The redefined, career-optimizing PhD has a completely different prerequisites and also says different things about its holder, which are, by the way, much closer to the demands of a position in management.

- You know how to delegate the stuff you can't do yourself: No way you are spending hours and hours over some political or economic topic (let's face it: a career-optimizing PhD probably won't come from other fields). You probably could whip up a dissertation yourself, but then your "real" projects would suffer - or maybe you just can't do it, you couldn't do it at uni when it was just forty pages and now you are completely out of your depth. So you do what any competent manager does and farm the sucker out to some schmuck who knows how to handle this kind of thing.

- You know the right people: Not only do you have the ear of a sympathetic professor who will read the bundle of paper, basically, any bundle of paper, you present to him and declare it a scientific breakthrough, but you also know how to contact a trustworthy and competent ghostwriter.
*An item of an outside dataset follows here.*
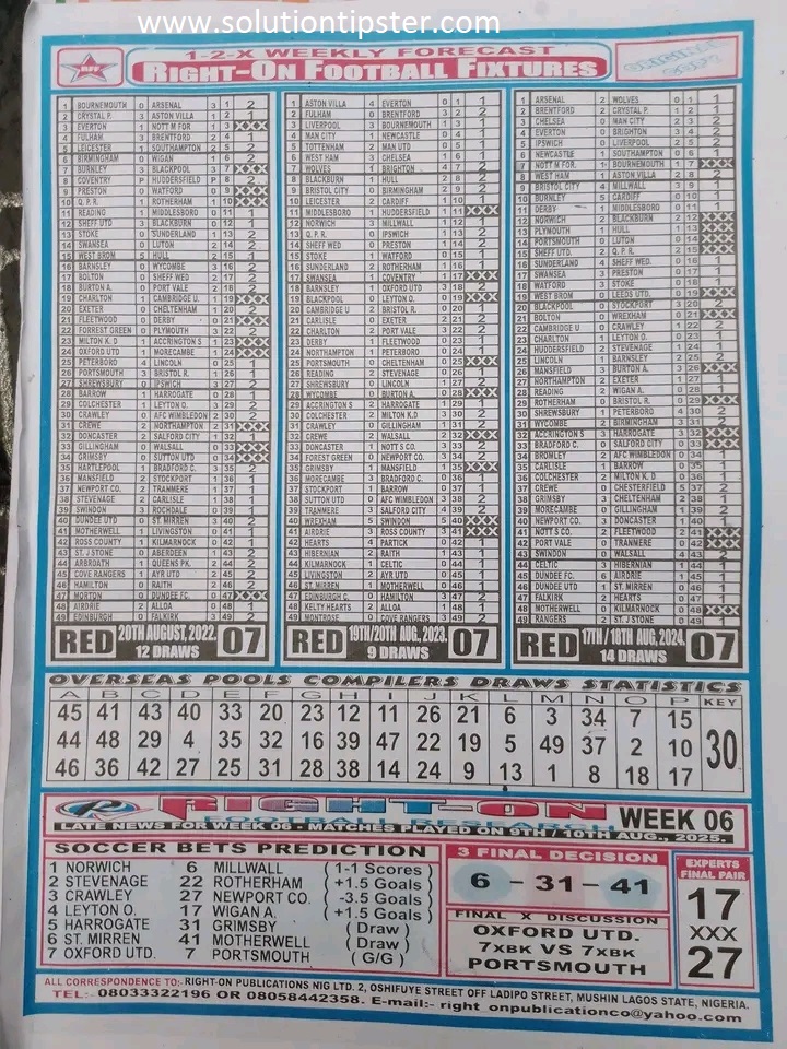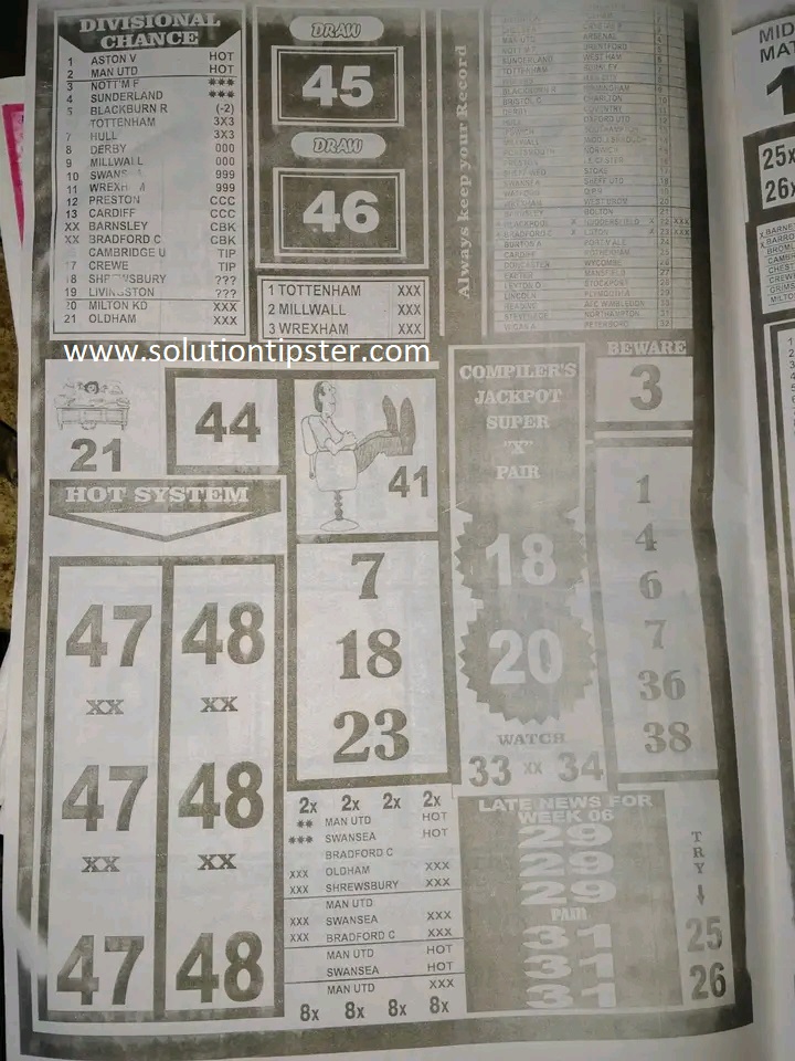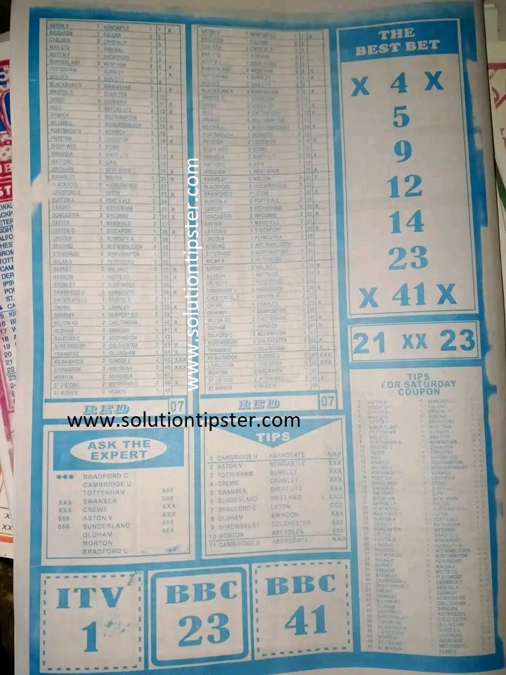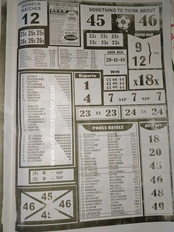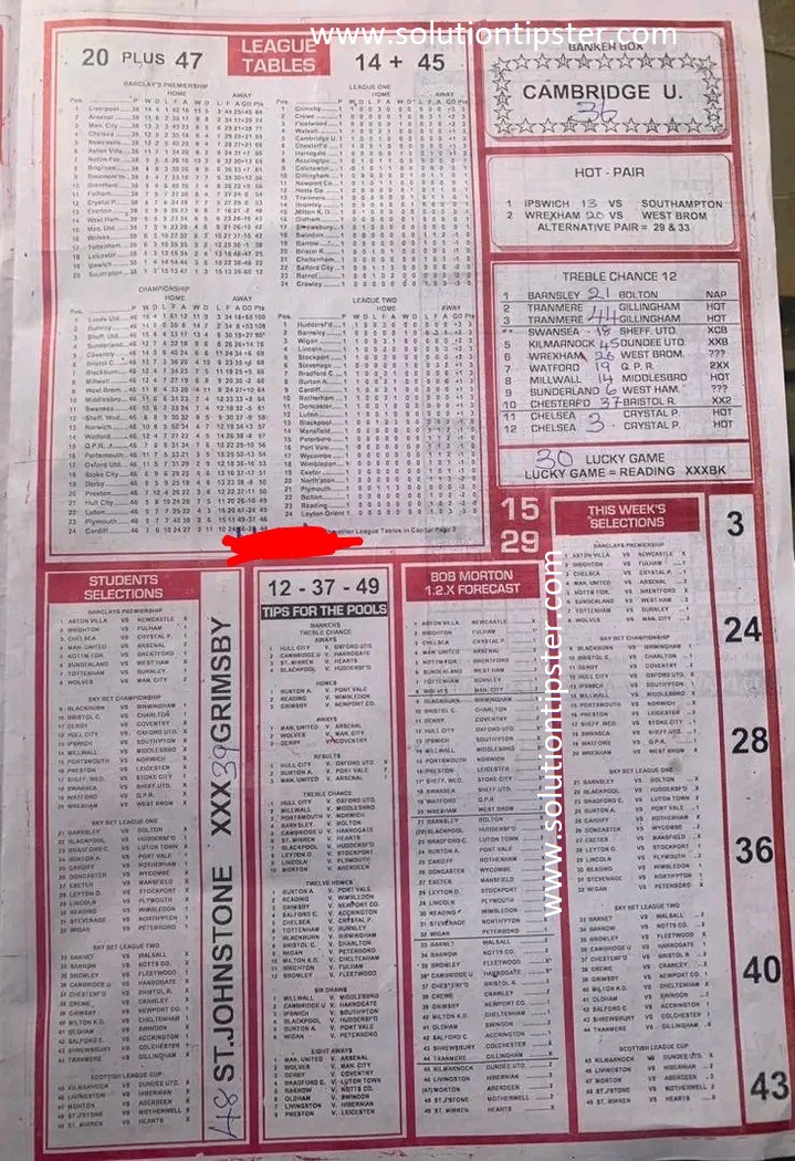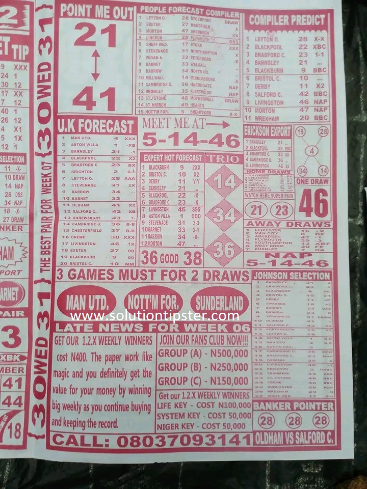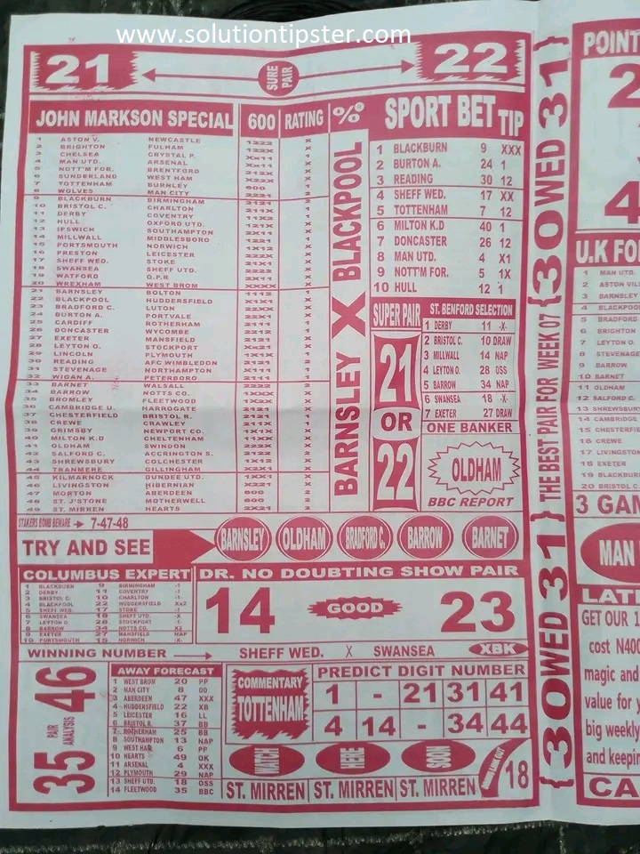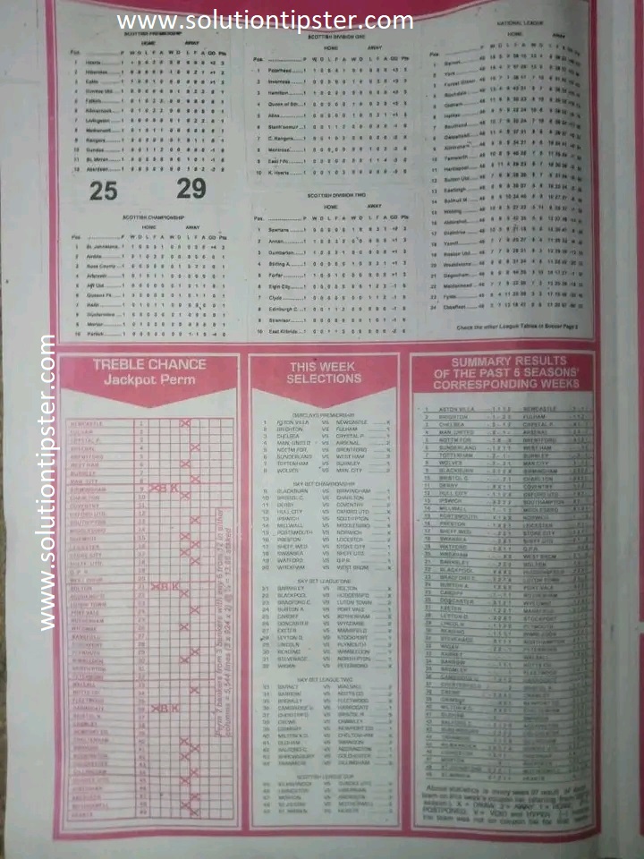 Here, we furnish you with weekly and current Pool Fixture Papers, Pools RSK papers and other forecasting papers for your forecast and winning pleasure. Click on the images to view them more clearly.
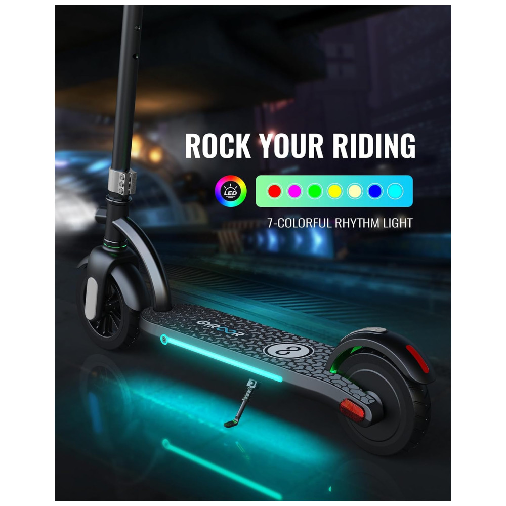 As luzes de néon gradientes de cor integradas no pedal criam visuais dinâmicos e atraentes. As luzes frontais brilhantes garantem a visibilidade, enquanto os adesivos refletivos aumentam a segurança durante passeios noturnos. A scooter oferece um guiador ajustável em altura de 3 níveis de 356 a 52 cm, adequado para a maioria das crianças e adolescentes.

This is where Gutti probably dropped the ball: He knew enough willing professors in Bayreuth alright, but when it came down to slumming, he was not able to find a ghostwriter worth his money. Or maybe he already fumbled in step one: delegating responsibility for things you can't do yourself. If you get your PhD this way, you show that you have one serious rolodex on your desk, and you are who you know, right?

- You have some savoir-faire: You won't just buy a title from some fly-by-night uni in Hungary or Nigeria. You know people in the right unis in Germany or USA, unis with some name-recognition oomph.

- You have some money: A good ghostwriter doesn't come cheap, so the the true poor are excluded. Of course, getting your PhD the hard way also burns resources, but this is more in the vein of money not made, instead of a lump sum spent. A bought PhD shows that you have some wealth to burn for self-fashioning and representation, and that you are eager to spend money on the image you present to the world.

- You are able to live with the doublethink: You are able to balance the old image of the PhD as outlined above with your new shiny PhD, at the same time, without experiencing the conflicts between those two concepts. You are able to work and talk with others being in the same doublethink-space without experiencing unease or moral qualms. Self-explanatory.

- Now you can be blackmailed! If you want to become a member of an exclusive club, this club may also want to have some power over you. So, if at some point in the future, you regret the moral implications of your work, the people who know you best will be able to discredit you as a fraud with the push of a button. Your loyalty is assured, the right people can count on you. This makes you a member of the team, baby!

So there you have it. I think that most attacks on Guttenberg miss the point: He didn't go for an old-fashioned PhD, but for a degree that would further bolster his career and his shot at he chancellorship. Thus, he should not be castigated for plagiarizing or hiring a ghostwriter per se, but rather for not delegating responsibilities or hiring the wrong people for the job. Those are flaws disqualifying him as an apex manager, so I guess that the outcome should be the same.